**PROBLEM:**
Drop all images. Then write out each line below exactly as given.

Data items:
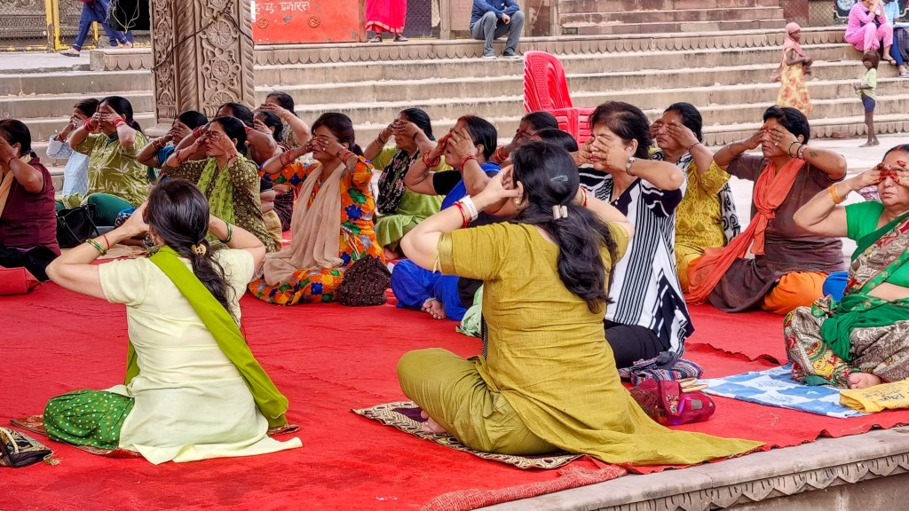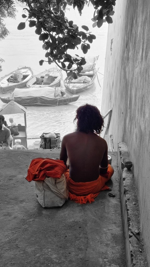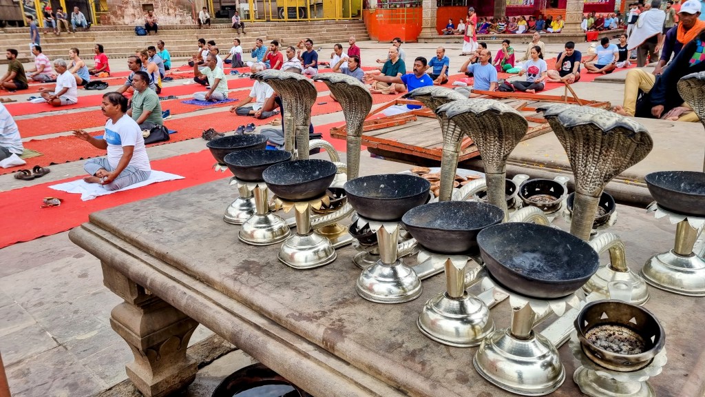 Le matin même, lors de ce rare moment de la journée où un semblant de fraîcheur planait encore sur la ville, habitants, touristes indiens ou pèlerins, s’installaient sur l’esplanade d’un ghât. Sous l’égide d’un maître de yoga, ces adeptes de la respiration libérée et du mouvement contrôlé prenaient position au sol afin d’éveiller les corps et les esprits devant un soleil naissant. Les clapotis du Gange, un cercle de feu à peine rouge dans le ciel, le souffle fluet d’une presque brise de mer sur les joues, justifiaient pleinement la présence de tout ce monde sur la rive du fleuve. Ouvrir les yeux. Se mettre en mouvement en plein air restera toujours la plus belle manière de prendre connaissance d’un monde qui nait.
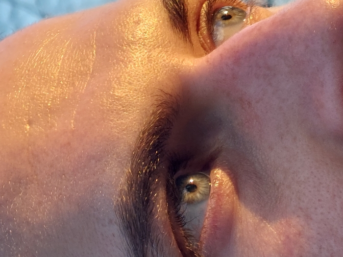 A tightly cropped, high-angle close-up portrait shot captures the upper face of an individual
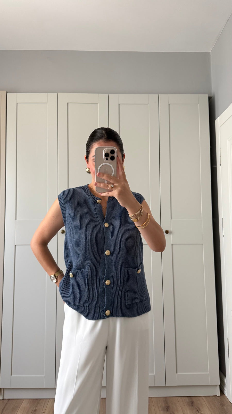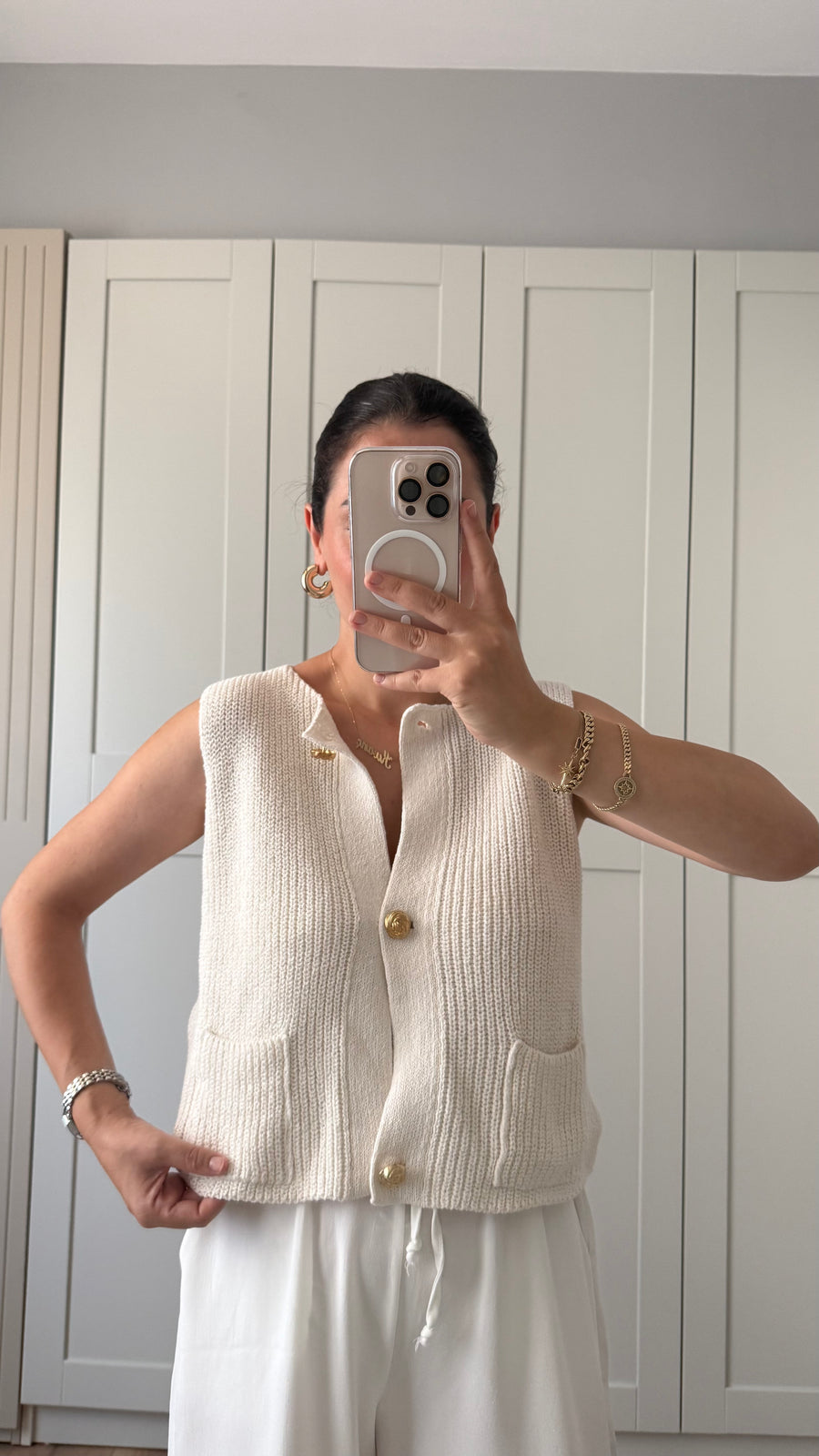 EKRU GOLD DÜĞMELİ ÖRME YELEK
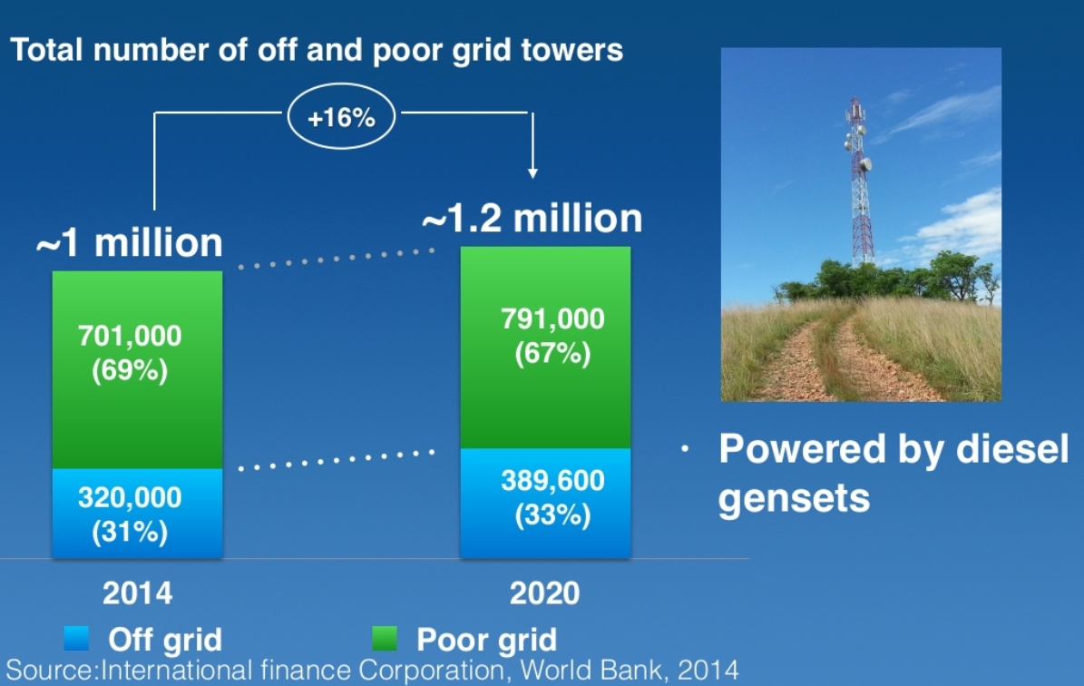 RenCat’s initial target market is stationary power in developing countries, where the electric grid either doesn’t exist or isn’t reliable – specifically, the fast-growth market for supplying power to remote cell phone towers across Africa and Asia. Grameen Phone currently operates roughly 11,000 cell phone towers across Bangladesh, serving 60 million customers.
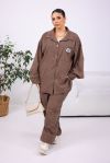 Стильний костюм з оверсайс сорочки на ґудзиках та джокерів на широкому поясі
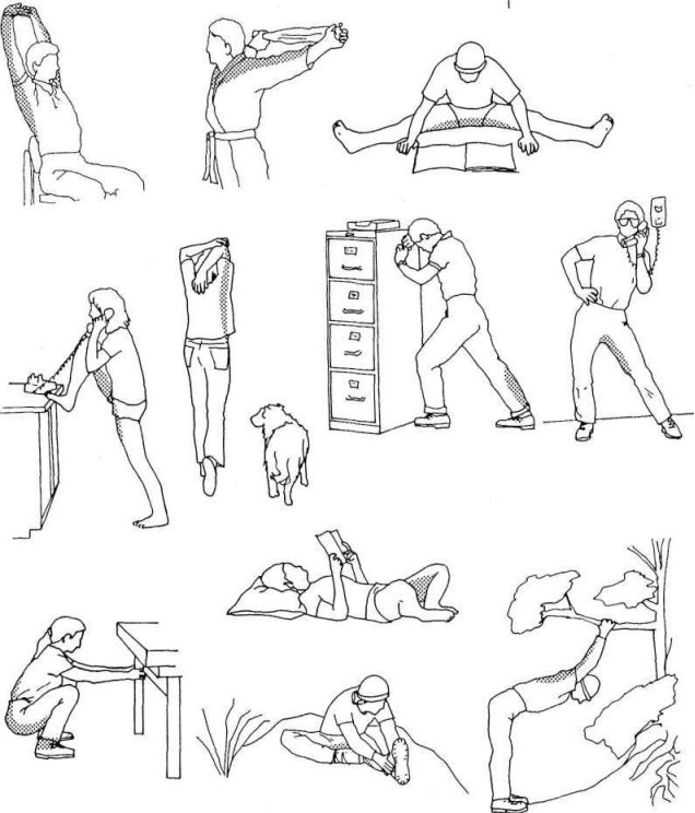 Вы можете растягиваться в любую свободную минуту: читая газету, разговаривая по телефону, ожидая автобуса, вы можете выполнять расслабляющее растягивание. Проявите выдумку; попробуйте с пользой употребить время, которое обычно теряется понапрасну.
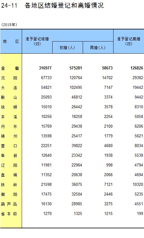 24-11 各地区结婚登记和离婚情况
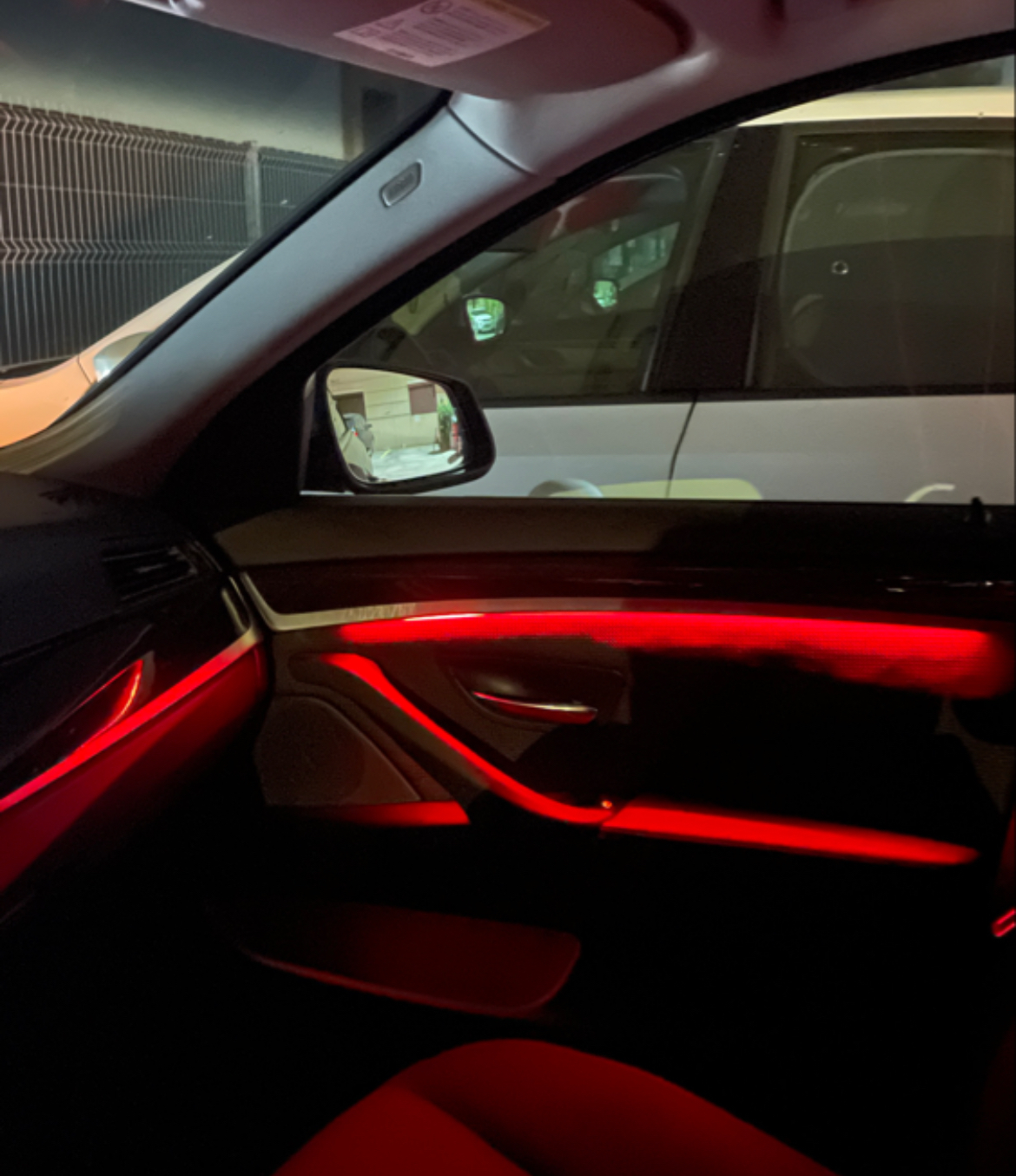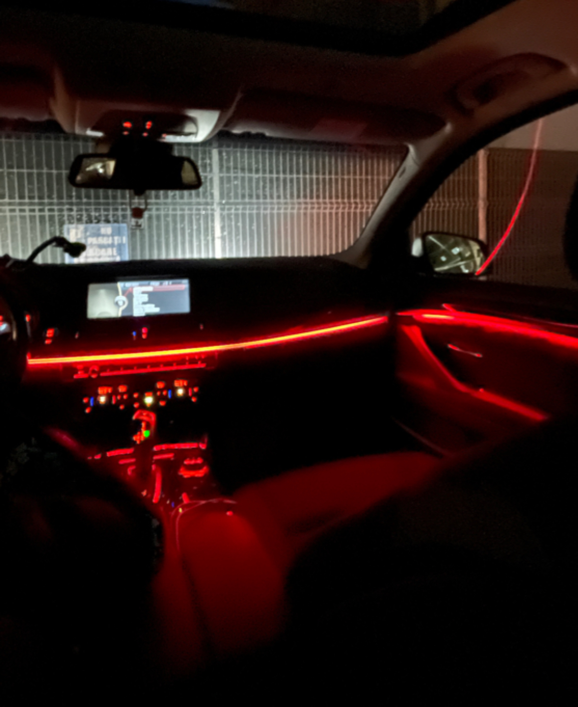 De controler-ul principal sunt mufate 2 benzi acrylic RGB, una de 35cm si una de 110cm pentru bord si 4 module pentru sub scaune. Cele 4 controlere secundare se conecteaza wireless la cel principal si de ele sunt mufate cate o banda acrylic pentru usi, cate un modul pentru buzunare usi si cate un modul pentru manere usi.

**ANSWER SPACE:**
 Le matin même, lors de ce rare moment de la journée où un semblant de fraîcheur planait encore sur la ville, habitants, touristes indiens ou pèlerins, s’installaient sur l’esplanade d’un ghât. Sous l’égide d’un maître de yoga, ces adeptes de la respiration libérée et du mouvement contrôlé prenaient position au sol afin d’éveiller les corps et les esprits devant un soleil naissant. Les clapotis du Gange, un cercle de feu à peine rouge dans le ciel, le souffle fluet d’une presque brise de mer sur les joues, justifiaient pleinement la présence de tout ce monde sur la rive du fleuve. Ouvrir les yeux. Se mettre en mouvement en plein air restera toujours la plus belle manière de prendre connaissance d’un monde qui nait.
 A tightly cropped, high-angle close-up portrait shot captures the upper face of an individual
 EKRU GOLD DÜĞMELİ ÖRME YELEK
 RenCat’s initial target market is stationary power in developing countries, where the electric grid either doesn’t exist or isn’t reliable – specifically, the fast-growth market for supplying power to remote cell phone towers across Africa and Asia. Grameen Phone currently operates roughly 11,000 cell phone towers across Bangladesh, serving 60 million customers.
 Стильний костюм з оверсайс сорочки на ґудзиках та джокерів на широкому поясі
 Вы можете растягиваться в любую свободную минуту: читая газету, разговаривая по телефону, ожидая автобуса, вы можете выполнять расслабляющее растягивание. Проявите выдумку; попробуйте с пользой употребить время, которое обычно теряется понапрасну.
 24-11 各地区结婚登记和离婚情况
 De controler-ul principal sunt mufate 2 benzi acrylic RGB, una de 35cm si una de 110cm pentru bord si 4 module pentru sub scaune. Cele 4 controlere secundare se conecteaza wireless la cel principal si de ele sunt mufate cate o banda acrylic pentru usi, cate un modul pentru buzunare usi si cate un modul pentru manere usi.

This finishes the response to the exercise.